The reason?“They said they had enough books on race and that this topic is covered for us,” Headlee recounted. “It was very surprising since we were offering it in the summer of 2020.”

Headlee, who co-hosts the Retro Report on PBS and is affectionately known as the “light-skinned Black Jew,” ultimately sold her book to Harper Collins Publishing, who published it in 2021.

She counts among dozens of Black authors whose works are being pulled from school libraries under the pretext that they’re teaching critical race theory.As noted in a recent report, most of the books targeted don’t teach critical race theory but are written by and about people of color.

According to the American Library Association, its Office for Intellectual Freedom reported that 273 books were affected by censorship attempts in 2020, many with content highlighting race, gender, and sexuality.

Since September 2021, at least 230 challenges have been made against Black-authored books.
Tiffany D. Jackson, the author of the 2018 novel “Monday’s Not Coming,” about missing girls of color, remains in the throes of a similar controversy.

Yahoo! News Writer Tat Bellamy-Walker reported that during a school board meeting in Loudoun County, Virginia, parents demanded that officials ban Jackson’s work for “sexual content.” In an email to Bellamy-Walker, Jackson, a Black woman, said the book discusses friendship, dyslexia, community, healing, and mentions sex, though it’s not acted.

Further, celebrated Black children’s author and illustrator Jerry Craft told NBC News that he received a message saying a school library in Texas pulled some of his books. “I was caught off guard,” stated Craft, the Newbery Medal-winning author of the 2019 graphic novel “New Kid.”

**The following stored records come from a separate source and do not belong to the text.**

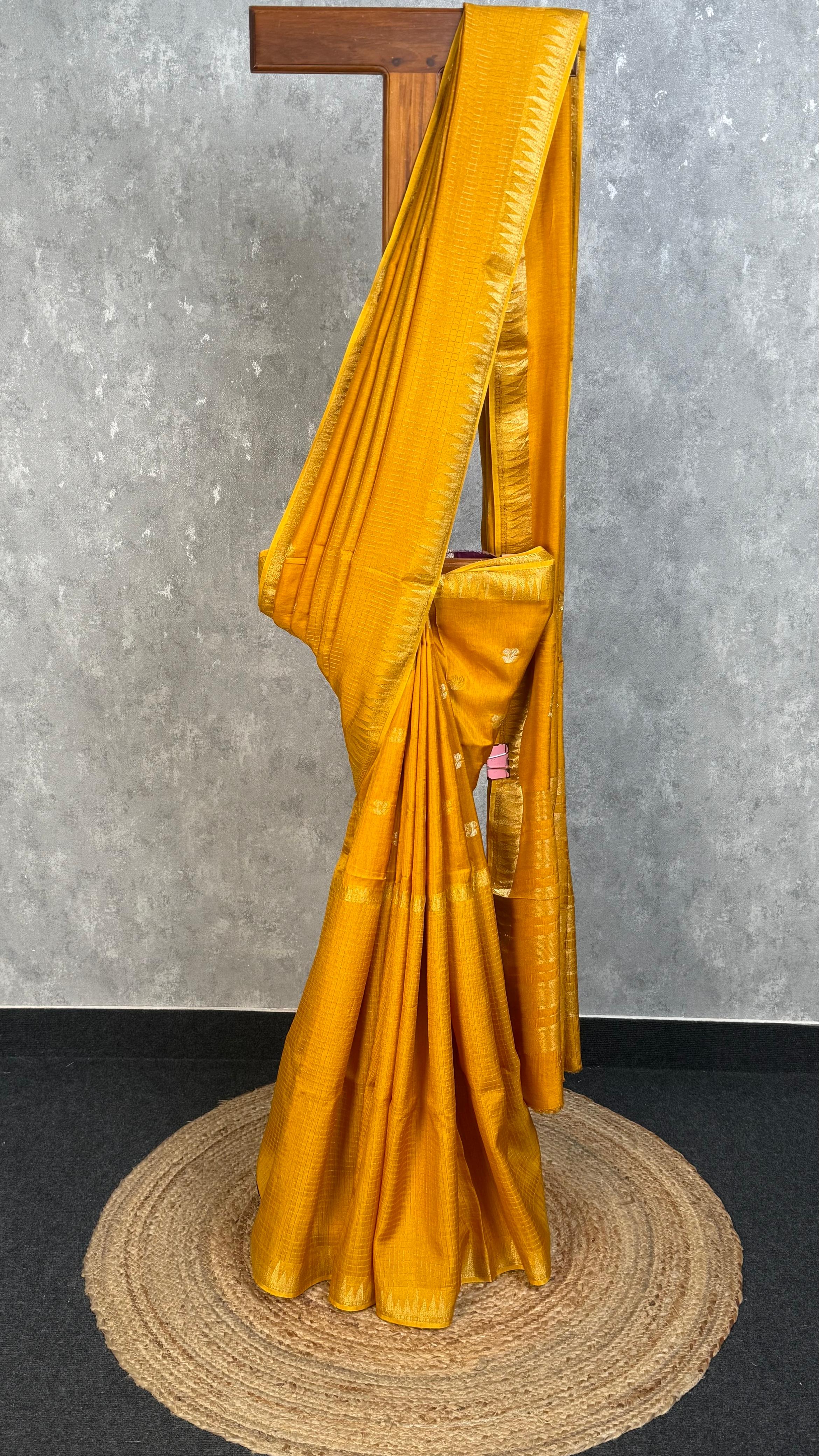 Semi Silk Banarasi Saree Crafted with the timeless elegance of Banarasi weaving traditions, this semi-silk saree combines lustrous silk with durable blended fibers for a refined drape and lasting sheen. The intricate brocade patterns showcase masterful artisanship, making it an ideal choice for weddings, festivals, and formal celebrations. Versatile enough for both traditional and contemporary styling, this saree delivers luxury appeal with practical everyday wearability.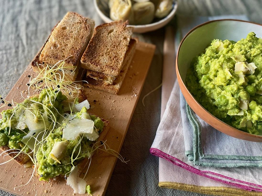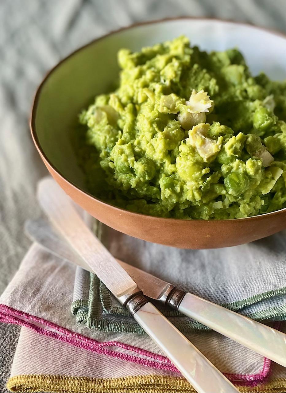 Ο γλυκός, καταπράσινος και τρυφερός φρέσκος αρακάς συνδυάζεται με τις ξυδάτες αγκινάρες σε ένα πεντανόστιμο, πρωτότυπο ορεκτικό.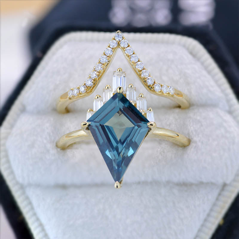 14K Gold 4 Carat Kite Teal Sapphire Halo Engagement Ring, Eternity Ring Set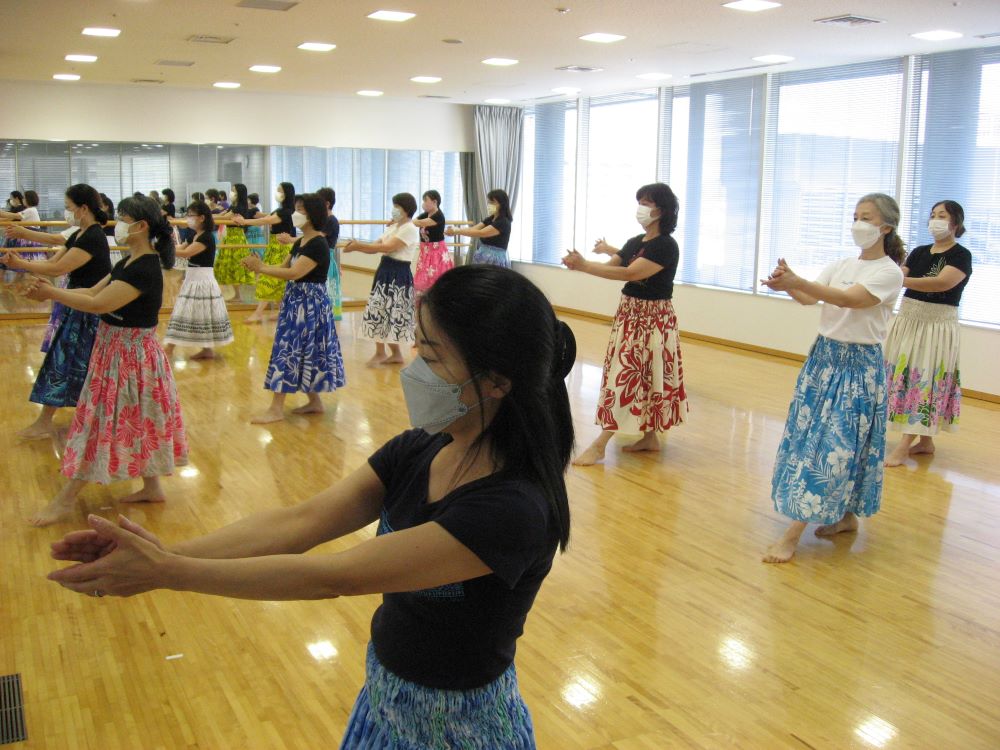 “初めてのフラ”きめ細かいレッスンで基礎を学びます。明るい雰囲気の中、簡単な曲を覚えフラの楽しさを体感しましょう。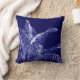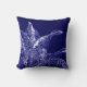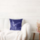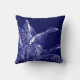 Modern throw pillow features a stylised botanical line drawing of a mini coconut palm; designed in a trendy complimentary colour palette of blue with shades of navy and sapphire blue with complimentary white accents

“I felt bad for the kids because I know how much they love ‘New Kid’ and ‘Class Act.’ I know what my school visits do. … I felt bad if there was going to be some kids that would not be able to take advantage of that.”

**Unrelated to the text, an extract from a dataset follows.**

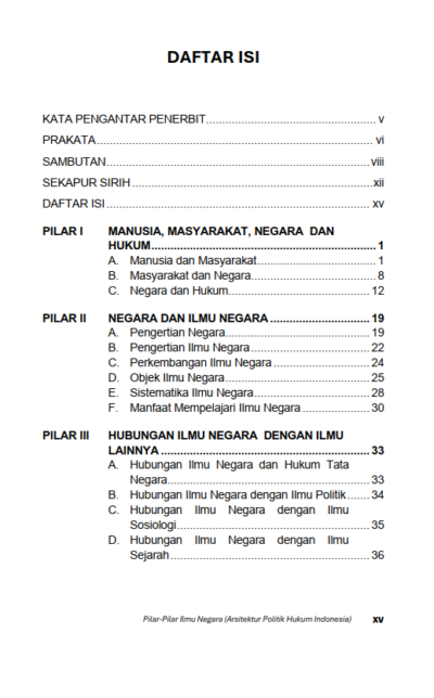 Sinopsis Buku Pilar-Pilar Ilmu Negara (Arsitektur Politik Hukum Indonesia) Buku Pilar-Pilar Ilmu Negara (Arsitektur Politik Hukum Indonesia) Buku Pilar-Pilar Ilmu Negara (Arsitektur Politik Hukum Indonesia) ini mengulas tentang dasar-dasar ilmu negara sebagai landasan pembangunan negara yang kokoh dan sejahtera. Ilmu negara memiliki kemiripan dengan ilmu arsitektur dalam membangun sebuah bangunan indah dengan fondasi dan struktur yang kuat. Seperti seorang arsitek yang merancang bangunan agar tidak hanya megah tetapi juga tahan lama dan dapat melaksanakan fungsi bangunan itu dengan baik, ilmu negara berupaya menciptakan sistem pemerintahan, hukum, dan kebijakan yang stabil, adil, serta mampu bertahan menghadapi perubahan zaman. Ilmu negara berperan sebagai pilar utama dalam arsitektur politik hukum, membentuk struktur yang menopang ketertiban, keadilan, dan kestabilan dalam suatu negara. Seperti halnya arsitektur yang membutuhkan desain yang matang dan material yang kokoh, politik hukum juga harus didasarkan pada prinsip-prinsip fundamental seperti supremasi hukum, demokrasi, dan keseimbangan kekuasaan. Dengan perencanaan yang matang, kepemimpinan yang visioner, serta keterlibatan masyarakat yang aktif, sebuah negara bisa menjadi seperti bangunan megah yang berdiri tegak, mampu mewujudkan kesejahteraan bagi semua dan bertahan sepanjang sejarah. Berikut Daftar Isi Buku Hukum yang berjudul Buku Pilar-Pilar Ilmu Negara (Arsitektur Politik Hukum Indonesia), diantaranya:

NBC reported that the individual who sent the message to Craft hailed from Katy, Texas, a town near Houston that’s come under fire for attempts to limit the public’s access to books that teach about racism.

In October, the Katy Independent School District made headlines for temporarily yanking two of Craft’s books, which tell the stories of Black boys who experience racism in schools, from school libraries and postponing his virtual visit.

“Apparently, I’m teaching critical race theory,” Craft wrote in response to a parent confused about the ban, citing the decades-old academic and legal framework that teaches about racism in America.

The banning of works by Black authors extends to American prisons. Andy Chan and Michelle Dillon, who serve on the board of the nonprofit organization Books to Prisoners, said the need for educational and self-empowering materials in prisons remains vast.

In an op-ed, they contended that prisons routinely impede access for arbitrary and biased reasons despite the need. The duo pointed out that it’s a practice long overdue for public examination.

“A recent rejection from South Central Correctional Facility (SCCF) in Clifton, Tenn., epitomizes this issue. In late December, SCCF returned a package of rejected books to Books to Prisoners,” the pair summarized.
“Inside were three books we had sent to an incarcerated reader and a note scrawled by a prison guard reading simply: ‘Malcolm X not allowed.’ The offending book, ‘Malcolm X: By Any Means Necessary,’ is a Scholastic biography intended for grades 7-12,” Chan and Dillon asserted.

“Prison censorship is still shocking to us, even after years of work with Books to Prisoners, but it rarely surprises us now.”

Headlee noted that even the late Pulitzer Prize-winning author Maya Angelou endured censorship. “For quite some time, Maya Angelou was called the most banned author in America,” Headlee recalled.

“Her book, ‘I know why the Caged Bird Sings,’ was banned several times. She is an author who won the Pulitzer Prize and an Emmy. But there was one case in which they claimed her book caused bitterness and hatred toward white people. So, here we are again. It has happened again and again. You can’t get through a decade in the United States without seeing books by Black authors banned.”

She said her book could offer some assistance. “It’s meant to diffuse some of the apprehension that people feel about talking about race without getting into an argument,” Headlee said. “And maybe make a little progress.”